请问能否展示一个如何实现这个简单示例的例子。
英文:
I am trying to understand GPT/langchain . I want to use my own data only but I am not able to find a basic example.
for example, I envision my chat to be something like this:
USER: show me way to build a tree house
GPT : To build a tree house you need the following materials and tools.....
MY owns data in a file mydata.txt with the following content
To build a tree house you need the following tool hammer , nails and materials wood...
....
.....
Can you please show a simple example of how this can be done ..
答案1
得分: 3
以下是您要的翻译:
摘要
您需要使用langchain中的Vector DB Text Generation工具,此工具将允许您使用自己的文档作为聊天机器人回答的上下文。我将在下面提供的示例略有不同于文档中的链,但我发现它效果更好,而且文档主要讨论从GitHub存储库获取文本,这似乎不适用于您的情况。
下面的代码是用Python编写的
加载导入项、LLM模型和文档拆分器
from langchain.embeddings.openai import OpenAIEmbeddings
from langchain.vectorstores import Chroma
from langchain.text_splitter import CharacterTextSplitter
from langchain.llms import OpenAI
from langchain.chains import RetrievalQA
from langchain.document_loaders import TextLoader
from langchain.prompts import PromptTemplate
from langchain.chat_models import ChatOpenAI
loader = TextLoader("") #将文件的路径和名称放在这里,如果它在代码文件的相同目录中,您只需使用目标文件名
documents = loader.load()
llm = ChatOpenAI(model="gpt-3.5-turbo", temperature=0) #更改要使用的模型,调整温度以查看哪一个提供更好的答案
text_splitter = CharacterTextSplitter(chunk_size=500, chunk_overlap=0) #您可以根据自己的文档设置每个文档块的大小
texts = text_splitter.split_documents(documents)

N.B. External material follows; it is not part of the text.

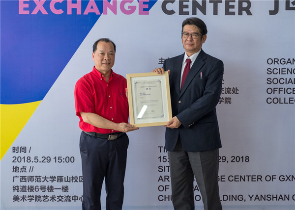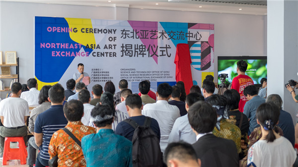 5月29日下午,广西师范大学东北亚艺术交流中心揭牌仪式在雁山校区纯道楼美术学院艺术交流中心举行。广西师范大学党委常委、校长助理王俊教授,原副校长、广西美术家协会副主席白晓军教授,韩国新罗大学、韩瑞大学,日本崇城大学、福冈教育大学、东京现代艺术研究所,印尼玛拉拿塔基督教大学、万隆艺术学院和巴厘岛象头师范大学,中国国家画院、湖北美术院、上海师范大学、南京艺术学院、邢台市美术家协会、深圳宝安画院等国内外30多个高校与科研、创作院所代表,广西师范大学国际交流处负责人,美术学院领导班子全体成员及师生代表共计130多人出席揭牌仪式。

embeddings = OpenAIEmbeddings() #这将创建您文本的向量嵌入
docsearch = Chroma.from_documents(texts, embeddings)
创建提示模板
from langchain.chains import LLMChain
prompt_template = """Use the context below to write a 400 word blog post about the topic below:
Context: {context}
Topic: {topic}
Blog post:"""
#这是标准的提示模板,您可以更改并尝试它
PROMPT = PromptTemplate(
template=prompt_template, input_variables=["context", "topic"]
)
chain = LLMChain(llm=llm, prompt=PROMPT)
创建用于发布并运行的函数
def generate_blog_post(topic):
docs = search_index.similarity_search(topic, k=4)
#k基本上是每次搜索为LLM提供的上下文块数量,更多可能提供更多上下文,但可能会消耗更多的令牌,有时甚至会使模型混淆,请测试并注意
inputs = [{"context": doc.page_content, "topic": topic} for doc in docs]
print(chain.apply(inputs))
generate_blog_post("您的问题/主题")
英文:
Summary
You need to use the Vector DB Text Generation tool in langchain, this tool will allow you to use your own documents as context for the chatbot to use for its answers.The example i will give below is slightly different from the chain in the documentation but i found it works better, not to mention the documentation talks mostly about getting text from a github repo, which isnt your case i suppose.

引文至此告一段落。